Information provided:
◇ ◇ ◇ ◇ ◇ ◇ ◇

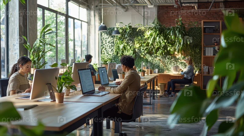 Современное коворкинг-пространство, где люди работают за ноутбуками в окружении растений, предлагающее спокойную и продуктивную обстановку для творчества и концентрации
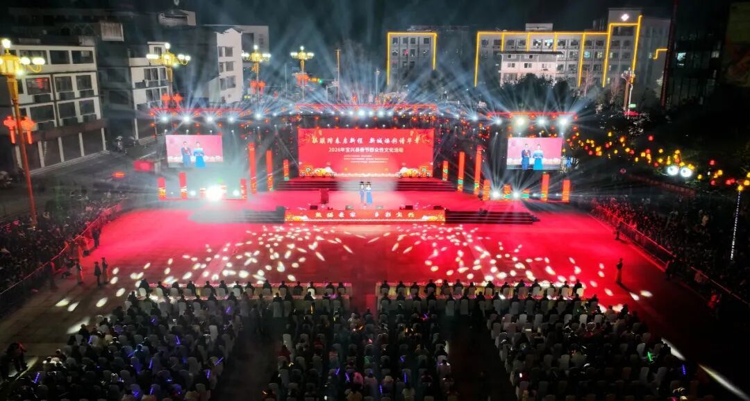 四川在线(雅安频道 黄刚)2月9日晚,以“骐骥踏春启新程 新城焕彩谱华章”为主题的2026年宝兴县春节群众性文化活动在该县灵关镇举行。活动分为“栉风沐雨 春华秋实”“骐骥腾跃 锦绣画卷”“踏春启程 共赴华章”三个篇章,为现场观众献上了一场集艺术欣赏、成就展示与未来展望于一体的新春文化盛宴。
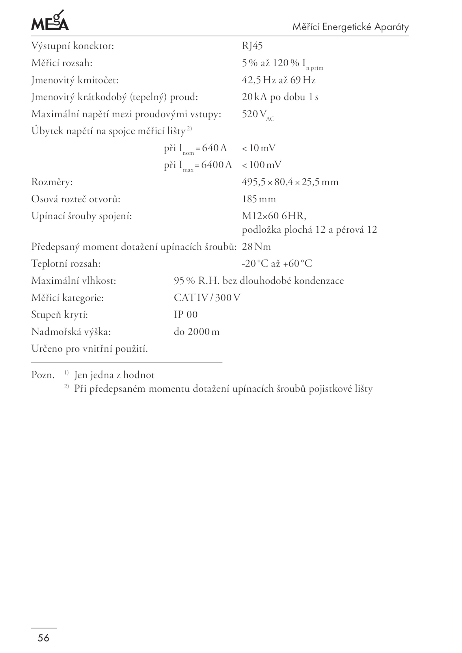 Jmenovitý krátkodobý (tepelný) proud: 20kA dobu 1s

◇ ◇ ◇ ◇ ◇ ◇ ◇

Brief: Line by line, return the listing above exactly, leaving out its pictures.

Exercise output:
 Современное коворкинг-пространство, где люди работают за ноутбуками в окружении растений, предлагающее спокойную и продуктивную обстановку для творчества и концентрации
 四川在线(雅安频道 黄刚)2月9日晚,以“骐骥踏春启新程 新城焕彩谱华章”为主题的2026年宝兴县春节群众性文化活动在该县灵关镇举行。活动分为“栉风沐雨 春华秋实”“骐骥腾跃 锦绣画卷”“踏春启程 共赴华章”三个篇章,为现场观众献上了一场集艺术欣赏、成就展示与未来展望于一体的新春文化盛宴。
 Jmenovitý krátkodobý (tepelný) proud: 20kA dobu 1s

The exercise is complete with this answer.